:: MATERIAL FOR THIS EXERCISE ::

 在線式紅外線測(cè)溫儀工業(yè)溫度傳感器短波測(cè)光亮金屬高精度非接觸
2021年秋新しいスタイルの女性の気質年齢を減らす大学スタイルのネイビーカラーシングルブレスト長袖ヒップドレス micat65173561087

==

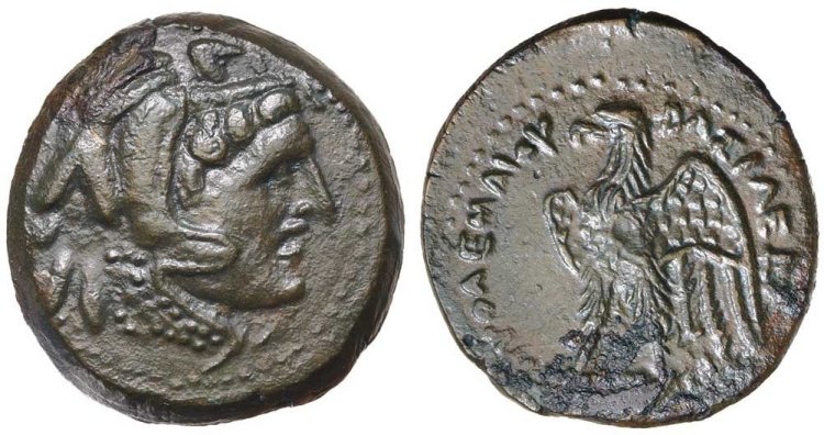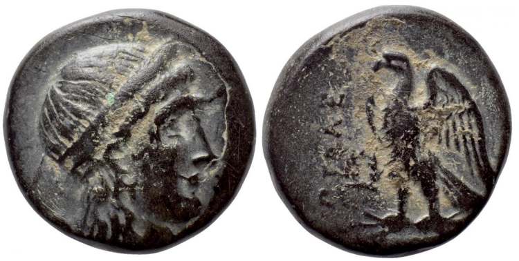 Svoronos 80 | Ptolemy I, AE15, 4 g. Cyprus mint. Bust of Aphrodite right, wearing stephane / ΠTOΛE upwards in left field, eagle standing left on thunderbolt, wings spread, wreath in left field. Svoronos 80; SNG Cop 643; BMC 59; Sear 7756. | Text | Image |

* * *

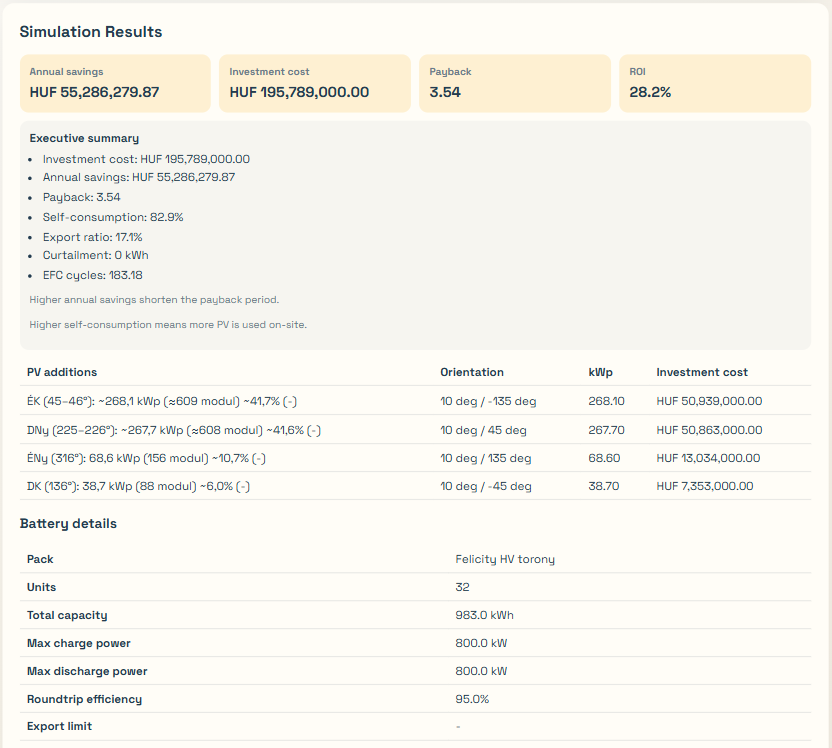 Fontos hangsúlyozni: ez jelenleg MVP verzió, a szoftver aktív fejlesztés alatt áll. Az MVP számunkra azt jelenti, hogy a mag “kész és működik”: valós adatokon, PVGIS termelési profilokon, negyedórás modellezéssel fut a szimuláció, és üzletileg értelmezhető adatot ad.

:: ASSIGNED TASK ::
Where the listing above has a line with "在線式紅外線測(cè)溫儀工", start there, and output every line exactly through the line with "2021年秋新しいスタイルの", which is also included.

:: EXERCISE SOLUTION ::
 在線式紅外線測(cè)溫儀工業(yè)溫度傳感器短波測(cè)光亮金屬高精度非接觸
2021年秋新しいスタイルの女性の気質年齢を減らす大学スタイルのネイビーカラーシングルブレスト長袖ヒップドレス micat65173561087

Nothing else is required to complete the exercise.